## What is being asked
Extract only the lines running from the top of the entries to the line that holds "Unlock the future". Include that line and omit the pictures.

## Material for this exercise
======
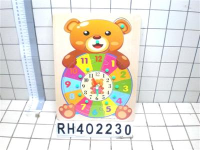 小熊时钟木制抓手拼板
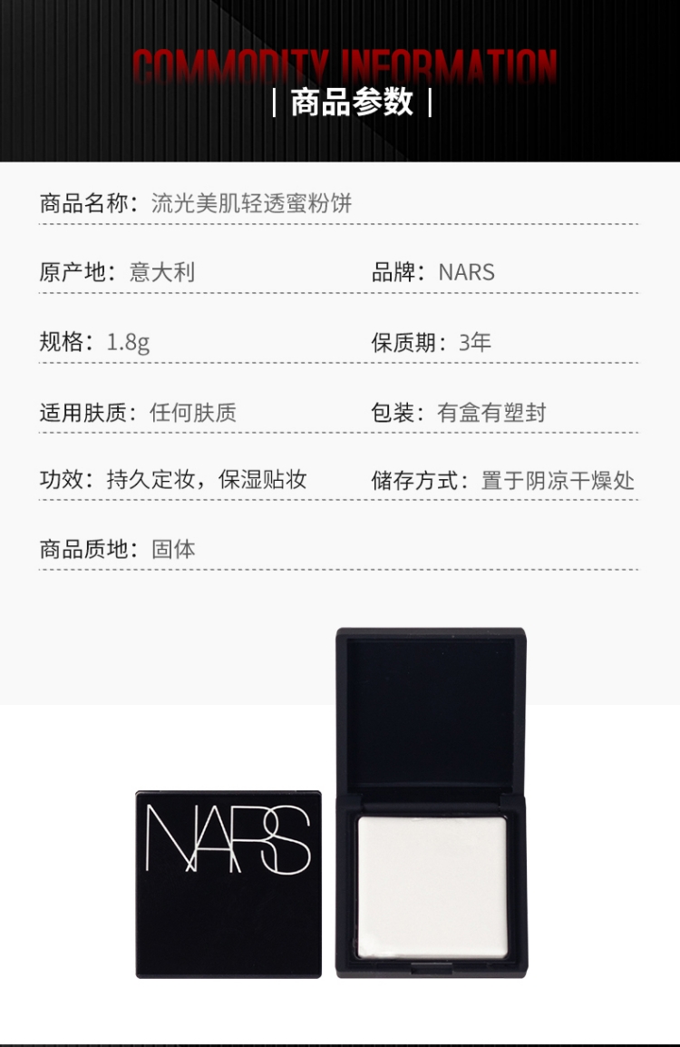 【门店直发】Nars娜斯流光美肌清透蜜粉饼3g纳斯大白饼小样定妆
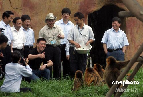6月25日上午,臺(tái)北市長(zhǎng)郝龍斌一行到上海野生動(dòng)物園,看望大熊貓和金絲猴。郝龍斌希望上海的大熊貓和金絲猴能落戶臺(tái)北,此外臺(tái)北的紅毛猩猩、白毛長(zhǎng)臂猿能來(lái)到上海。并題詞:關(guān)心生態(tài)愛(ài)護(hù)野生動(dòng)物是進(jìn)步城市的重要指標(biāo)。中新社發(fā) 潘索菲 攝
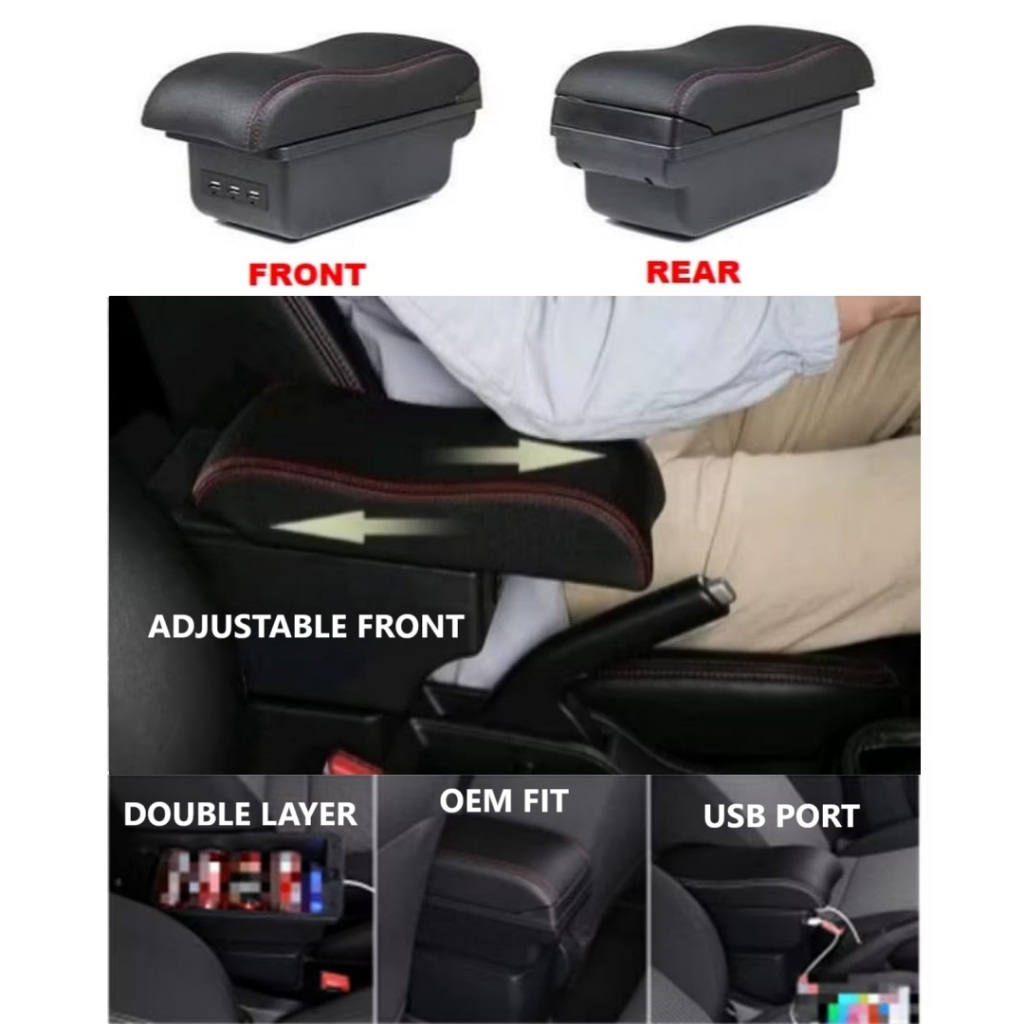 Car Armrest Saga Blm USB Arm Rest Storage Box Organizer Seat Cushion Console Box Cup Holder Kereta
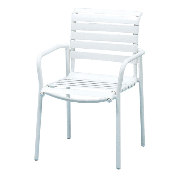 ニチエスが企画するシエスタラインは、アルミ製のフレームに軟質塩化ビニールを張ったオリジナルラインです。アルミの素材特性を生かし、軽量で積み重さね、折り畳みが出来る仕様になっています
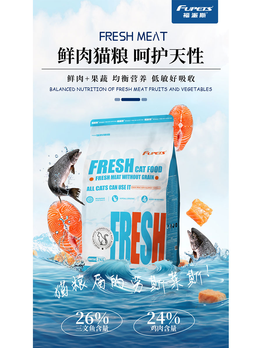 主要產(chǎn)品:福派斯FUPETS鮮肉無(wú)谷犬貓糧、無(wú)麩質(zhì)低敏貓糧和犬貓罐頭、零食
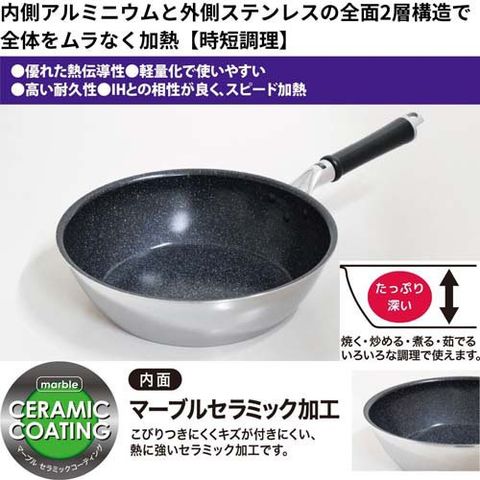 【ウルシヤマ金属工業 セラブル IH・ガス火対応 いため鍋 28cm CRB-W28の商品詳細】
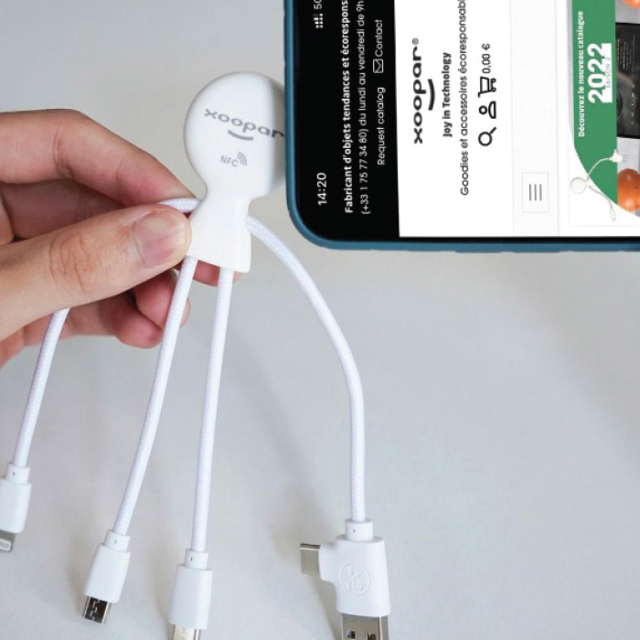 Unlock the future of effortless digital information sharing with Wielo, simplifying data transfer through NFC technology while championing sustainability. It is crafted from 60% recycled ABS, 8% recycled RPET, and 23% TPE recycled materials. This eco-friendly multi-charging cable not only reduces environmental impact but also combines NFC functionality, enabling seamless digital information transfer, from business cards to websites. With versatile input option of Type-C & USB-A while output options, including Lightning, Type-C, and Micro-USB, it’s the ultimate eco-conscious solution for your diverse charging needs.
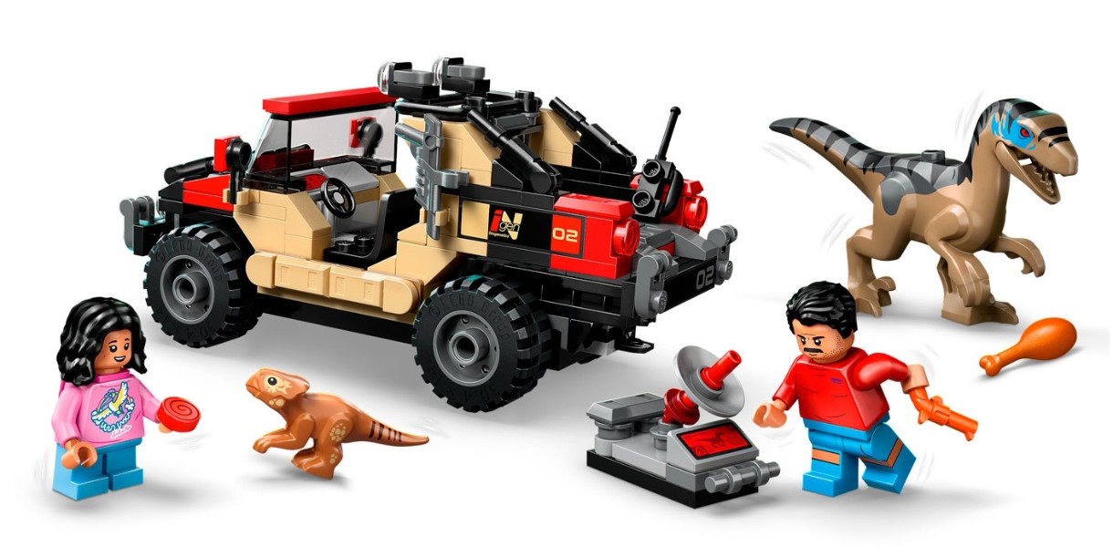 Aventuri palpitante îi așteaptă pe copii și fanii filmelor cu vârsta de 6 ani și peste cu acest set LEGO® Jurassic World Raptor Off-Road Escape (76972) - un cadou cu dinozauri pentru băieți și fete, inspirat de filmul Jurassic World Reborn. După ce construiesc acest set de joacă cu dinozauri, copiii pot juca roluri în scene din filmele lor preferate sau pot crea povești noi cu minifigurinele Ruben și Isabella Delgado, o figurină dinozaur Dolores și o figurină Velociraptor cu maxilară articulată. Setul de construcție include un vehicul de teren de jucărie și un dispozitiv de urmărire, un tufiș cu efect de „surpriză” care poate fi folosit cu Velociraptor în timpul jocului și multe altele.
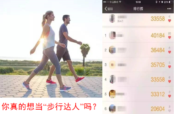 随着朋友圈“微信运动”功能的流行,越来越多的朋友加入到“步行大军”中来。为了占领朋友圈其他朋友的“头版头条”,不少人不惜改变上下班的方式,徒步往返。更有甚者,为了“秀出”自己的步数超人一等,更是“加班加点”地在小区、公园里“暴走”,摆出了一副“不拔头筹,誓不罢休”的态势。的确,吃动平衡,步行为先。要拥有一个健康的身体,除了科学饮食外,运动也很重要;而步行正是大众喜欢的一种运动方式,它简单易行,老少皆宜,轻松参与。但是,只以步数作为衡量运动量的标准的话,反而会适得其反,有百害而无一利。
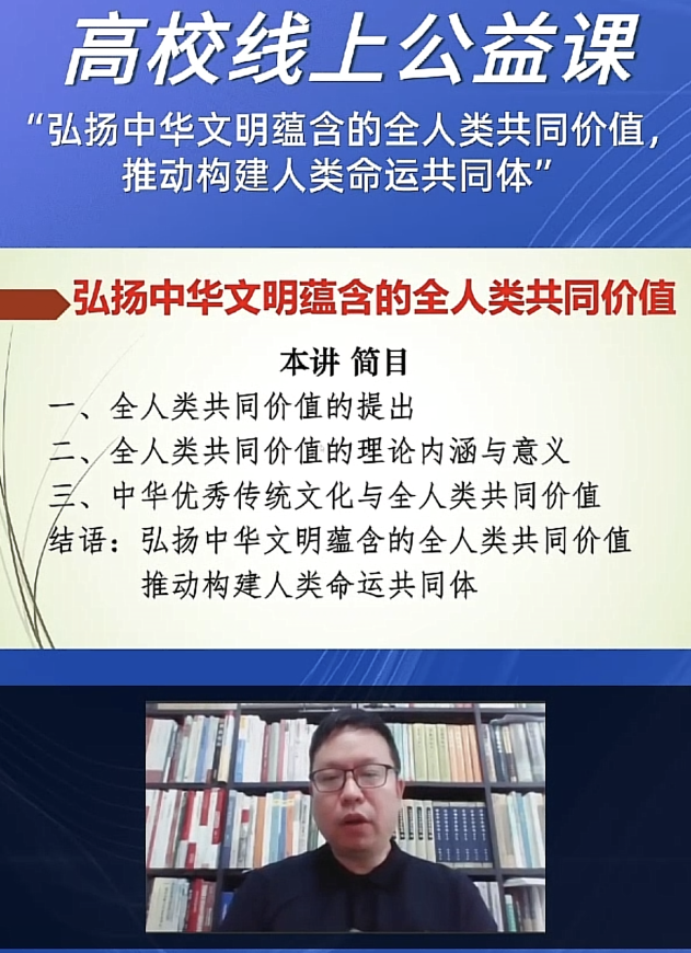 为帮助同学们学习了解人类命运共同体的时代意义及深刻内涵,领悟认同中华文化对全人类的共同价值。近日,做爱视频 第169期菁英人才班第二次授课通过高校线上公益课的方式举行,课程主题为——弘扬中华文明中蕴含的全人类共同价值,推动构建人类命运共同体,由中央社会主义学院中华文化教研部副主任翁贺凯教授主讲。
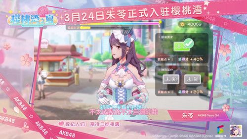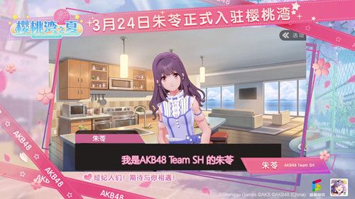 AKB48正版授权偶像经营互动手游《樱桃湾之夏》今日宣布:AKB48 Team SH成员朱苓将于3月24日正式在游戏中实装登场。届时,各位经纪人可以在游戏中招募朱苓,同时还能参与进版任务等多项活动!
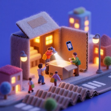 毛绒质感的微缩城市夜景,3D卡通人物在纸箱屋前搬运包裹,暖光与梦幻蓝调交织,充满温馨趣味感。
======
## Answer to this exercise
 小熊时钟木制抓手拼板
 【门店直发】Nars娜斯流光美肌清透蜜粉饼3g纳斯大白饼小样定妆
6月25日上午,臺(tái)北市長(zhǎng)郝龍斌一行到上海野生動(dòng)物園,看望大熊貓和金絲猴。郝龍斌希望上海的大熊貓和金絲猴能落戶臺(tái)北,此外臺(tái)北的紅毛猩猩、白毛長(zhǎng)臂猿能來(lái)到上海。并題詞:關(guān)心生態(tài)愛(ài)護(hù)野生動(dòng)物是進(jìn)步城市的重要指標(biāo)。中新社發(fā) 潘索菲 攝
 Car Armrest Saga Blm USB Arm Rest Storage Box Organizer Seat Cushion Console Box Cup Holder Kereta
 ニチエスが企画するシエスタラインは、アルミ製のフレームに軟質塩化ビニールを張ったオリジナルラインです。アルミの素材特性を生かし、軽量で積み重さね、折り畳みが出来る仕様になっています
 主要產(chǎn)品:福派斯FUPETS鮮肉無(wú)谷犬貓糧、無(wú)麩質(zhì)低敏貓糧和犬貓罐頭、零食
 【ウルシヤマ金属工業 セラブル IH・ガス火対応 いため鍋 28cm CRB-W28の商品詳細】
 Unlock the future of effortless digital information sharing with Wielo, simplifying data transfer through NFC technology while championing sustainability. It is crafted from 60% recycled ABS, 8% recycled RPET, and 23% TPE recycled materials. This eco-friendly multi-charging cable not only reduces environmental impact but also combines NFC functionality, enabling seamless digital information transfer, from business cards to websites. With versatile input option of Type-C & USB-A while output options, including Lightning, Type-C, and Micro-USB, it’s the ultimate eco-conscious solution for your diverse charging needs.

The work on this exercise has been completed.